One original study investigated the relationship between chronic heart failure (CHF) and autophagy signaling in skeletal muscle [75]. It was suggested that there is a difference in the manner of autophagic adaptation between soleus (slow-type) and plantaris (fast-type) muscles by using rats with myocardial infarction. In fact, the transcription levels of GABARAPL1 and Atg7 were increased in the plantaris but not the soleus muscle. However, the expression levels of other autophagic markers (Beclin-1 and Atg12) did not change significantly. In addition, an autophagy-activating marker (LC3-II/I) also did not increase in both muscles. However, there have been no studies examining the autophagy in muscle in cases of CHF. It remains to be elucidated whether CHF includes autophagic activation in skeletal muscle similar to muscle in cancer cachexia and COPD.

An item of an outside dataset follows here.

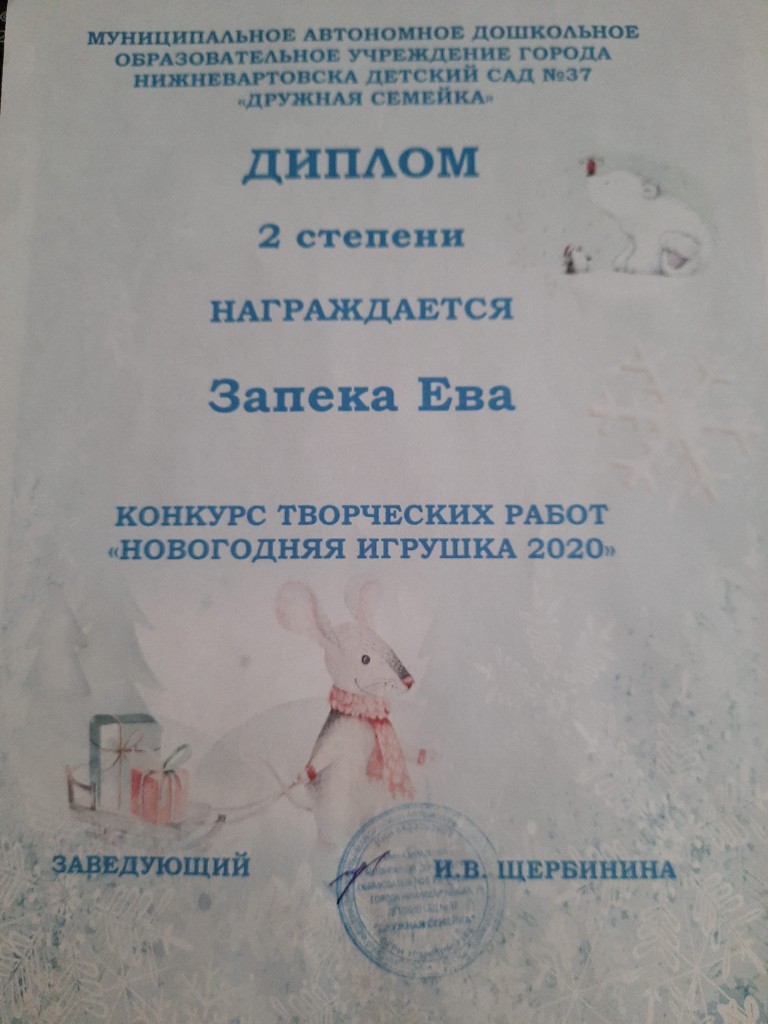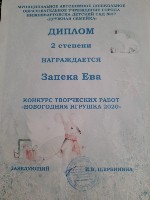 Диплом 2 степени, Конкурс творческих работ в ДОУ "Новогодняя игрушка 2020", Номинация "Оригинальная игрушка",Запека Е. |

A finely tuned system for protein degradation and organelle removal is required for the proper function and contractility of skeletal muscle [14]. Inhibition/alteration of autophagy contributes to myofiber degeneration leading to accumulation of abnormal (dysfunctional) organelles and of unfolded and aggregation-prone proteins [24, 76], which are typical features of several myopathies [36, 77]. Generation of Atg5 and Atg7 muscle-specific knockout mice confirmed the physiological importance of the autophagy system in muscle mass maintenance [24, 78]. The muscle-specific Atg7 knockout mice are characterized by the presence of abnormal mitochondria, oxidative stress, accumulation of polyubiquitinated proteins, and consequent sarcomere disorganization [24]. In addition, the central role of the autophagy-lysosome system in muscle homeostasis is highlighted by lysosomal storage diseases (Pompe disease, Danon disease, and X-linked myopathy), a group of debilitating muscle disorders characterized by alterations in lysosomal proteins and autophagosome buildup [79]. Intriguingly, all of these myopathies exhibit the accumulation of autophagic vacuoles inside myofibers due to defects in their clearance.